Football: Italian’s rugby move helps Spectrum edge MN Deaf 22-20

Spectrum linebacker Filippo Caminati (23) sped into the end zone untouched after yanking the ball from an MSAD ballcarrier. (Photo by Bruce Strand)


by Bruce Strand, Sports editor

Filippo Caminati, an Italian teen who grew up playing rugby, decided to try this American sport called football when he arrived at Spectrum this fall as an exchange student.

Eight games into his new venture, Caminati used his rugby instincts to make a game-saving play Tuesday as the Sting edged Minnesota State Academy of the Deaf 22-20 in the regular-season finale.

With the Sting trailing 20-14 and 11 minutes left, the junior linebacker yanked the ball out of a Trojan’s hands in a scrum at the line of scrimmage and dashed 20 yards to the end zone.

Tristen Rosby passed to Austin Kurilla for the extra points and the Sting made the 22-20 lead stand at Youth Athletic Complex.

Filippo Caminait

“I was trying to tackle him, and I just, stole the ball,” said Caminati, in a heavy Italian accent, halting to ponder what the correct word would be.

Caminati said he “didn’t expect to play football” when he got here. But someone must have talked him into it. “I love football now,” he said.

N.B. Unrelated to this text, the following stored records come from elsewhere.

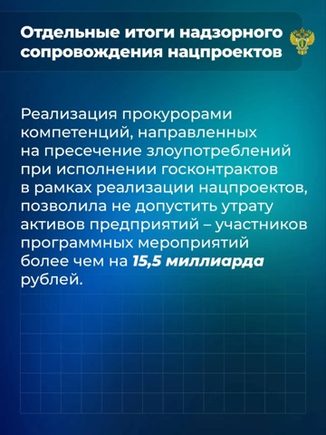 ✔️ На личном контроле Генпрокурора России Александра Гуцана находятся вопросы исполнения законодательства при реализации национальных проектов.
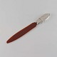 Beskrivelse: Brevkniv af ben. Top af sølv med motiv af kvinde med sværd og flag samt tre løver
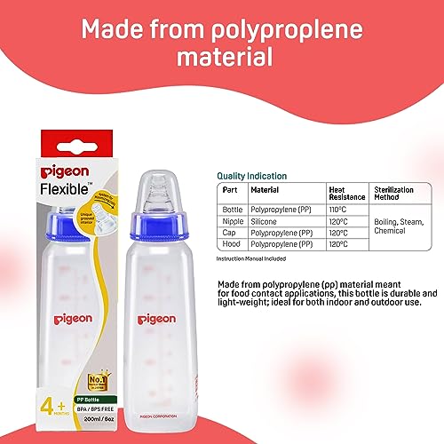 - Pigeon Peristaltic Feeding Bottle is ideal for 4+ month babies and made from durable quality plastic

Coach Brett Wedlund, a Big Lake teacher, wasn’t the one who recruited him, but he’s glad somebody did.

“We put him at safety at first because that is the simplest position in our system,” said Wedlund, “but after a couple games we moved him to linebackerĀ  because he’s our hardest hitter.”

Wedlund said Caminati has made a couple similar “steals” before.

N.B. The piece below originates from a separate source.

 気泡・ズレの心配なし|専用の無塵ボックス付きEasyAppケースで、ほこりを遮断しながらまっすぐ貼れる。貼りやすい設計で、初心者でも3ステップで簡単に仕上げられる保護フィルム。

“That’s from rugby, I’m sure, ” he said. “They are trained to go after the ball when the play stops.

Spectrum’s Logan Collett (12) and Ben Maki (15) stopped a two-point conversion run by MSAD. (Photo by Bruce Strand)

“The only thing is, we have to show him how to carry it. They hold the ball different because the rugby ball is bigger.”

Jordy Ildvad scored on runs of two and 70 yards for the Sting.

For Minnesota School for the Deaf, it was the first loss of the season. The 150-old Faribault school normally plays nine-man football, mostly against deaf schools from other states.

The Sting, a first-year team, managed a 3-5 record in the regular season with only four seniors among 28 players, and 11 kids in grades 8 and 9.

“That’s pretty good,” said Wedlund. “We were a couple minutes from beating Humboldt, too. We played two ranked teams, Lester Prairie and Bethlehem Academy. Other than that we didn’t lose to anyone by more than two touchdowns.”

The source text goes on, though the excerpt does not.